# hunting camp pics.....



## ky_longbow (Aug 13, 2010)

share some of your hunting camp pics, these are from Taylorsville lake WMA a few years back, check out that deer ham BGBH is munching on........


----------



## BGBH (Aug 14, 2010)

I'd forgot all about them picts,you sure hang out with a ruff looking bunch......hopefully we can get back down there & hunt some of them persimmons we found.....you ready for  the Green River WMA  trad hunt....


----------



## devolve (Aug 14, 2010)

that last picture is awesome


----------



## TNGIRL (Aug 14, 2010)

I have taken just a few pictures of the camps I hunted from last year. Some shots were just wonderful places and some were wonderful people. 




Hachett Dan in camp at the Oconee hunt in Dec. 2009.

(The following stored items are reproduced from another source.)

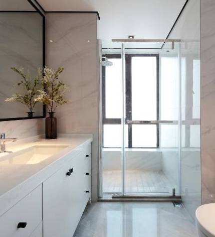 现在大多数人家里卫生间也都有干湿分离,使用玻璃隔断则最好不过了。通透的玻璃隔断可以很好地配合瓷砖的质感。
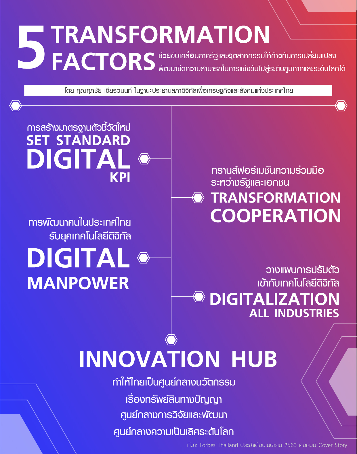 เช่นเดียวกับ คุณศุภชัย เจียรวนนท์ CEO เครือฯ ในฐานะประธานสภาดิจิทัลเพื่อเศรษฐกิจและสังคมแห่งประเทศไทยเผยถึง 5 ปัจจัยสำคัญ ที่จะทรานส์ฟอร์ประเทศ ช่วยขับเคลื่อนภาครัฐและอุตสาหกรรมให้ก้าวทันการเปลี่ยนแปลง พัฒนาขีดความสามารถในการแข่งขันไปสู่ระดับภูมิภาคและระดับโลกได้
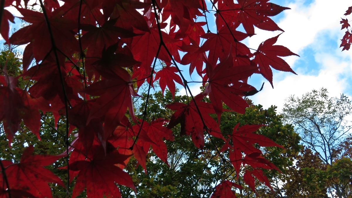 鮮烈な赤から、やわらかな赤まで。黄色い葉もやわらかく繁っていて。
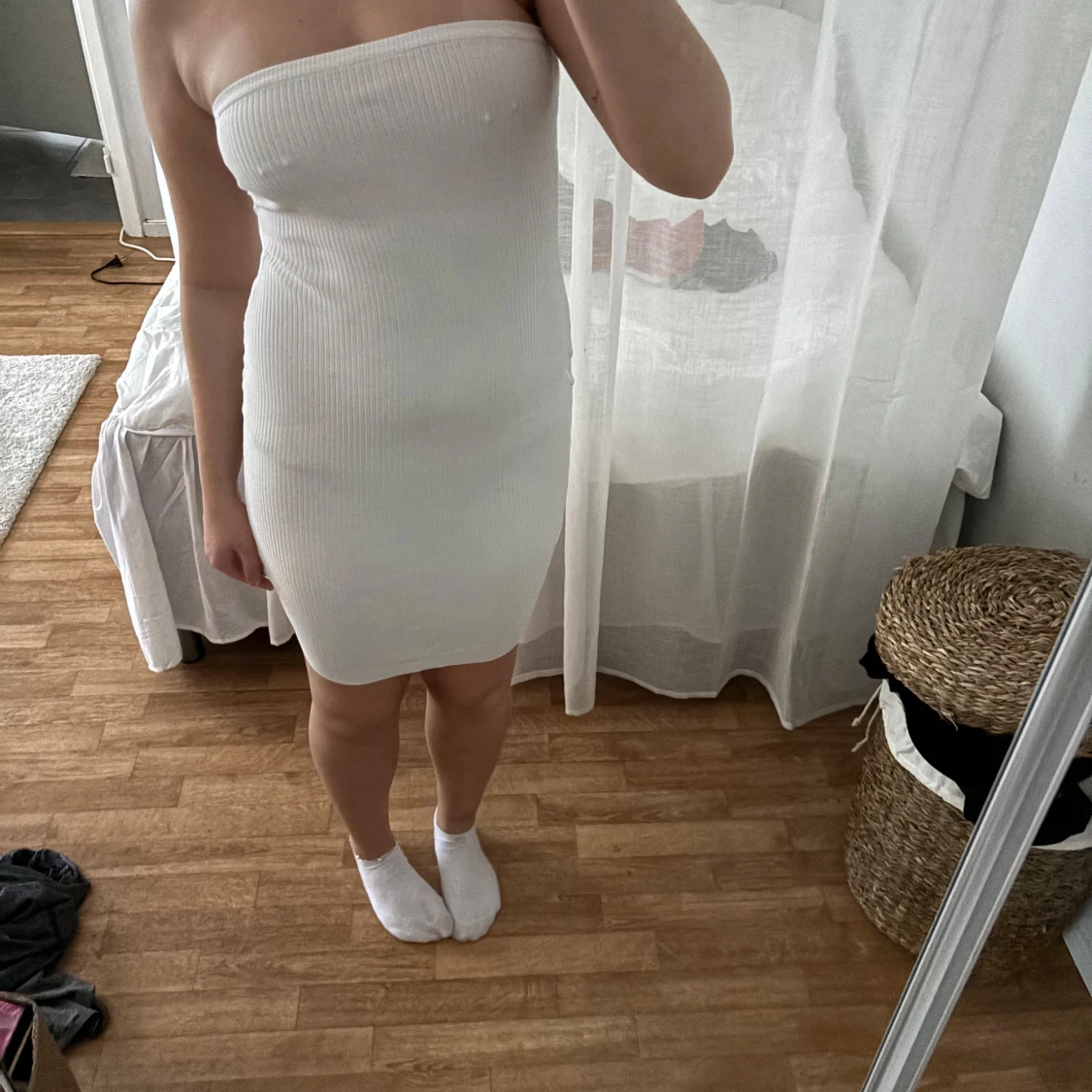 Säljer en vit, ribbad tubklänning i stretchigt material. Klänningen är kort och sitter tight mot kroppen, perfekt för dig som gillar en enkel men snygg look. Ärmlös och axelbandslös design som ger en clean och modern vibe.

Martin, Donnie Poole and Jeff Hampton around the fire at the Oconee hunt.




A graveyard I found while hunting at Oconee. I love graveyards!!!




A special chimney on a hunt, guess it's my favorite spot to ever be.




A Schley county Sunday sunrise. Jeff took this shot.




Going thru the cypress at Horsecreek in Oct. 2009.




Love the dutch oven cooking in camp!!!!!




Beware of entering our Ladies Only Hunt at Rum Creek....we are armed and could be considered dangerous!!!!




Our camp at Rum Creek, Oct. 2009.




Here we are on our scouting day, minus one (blondie~for~browning/Anna couldn't make it). Sept. 2009....we look rather harmless don't we!!!


----------



## bam_bam (Aug 14, 2010)

Here are some from the Horse creek hunt and some in Schley County


----------



## bam_bam (Aug 14, 2010)

Here is a couple from Bullard creek WMA...I know it not camp pics but I Like them.

Huge Swamp Chestnut







Just a pic I took





Had to share this one


----------



## Apex Predator (Aug 14, 2010)

Cumberland!


























Altamaha!


----------



## ky_longbow (Aug 14, 2010)

Mark  yep green river sounds fun, and i also know ya got plenty of pics......


----------



## 7Mag Hunter (Aug 14, 2010)

*Hunt camp pix*

Oaky Woods 2009


----------



## ky_longbow (Aug 14, 2010)

nice pics...............man that rum creek gang looks RUFF......


----------



## dutchman (Aug 14, 2010)

Not your typical camp photo...

Might have been some lying going on in the second photo. Heck, might have been some lying going on in both photos!


----------



## TNGIRL (Aug 14, 2010)

now them is some ruff pictures dutchman!!!!!!!


----------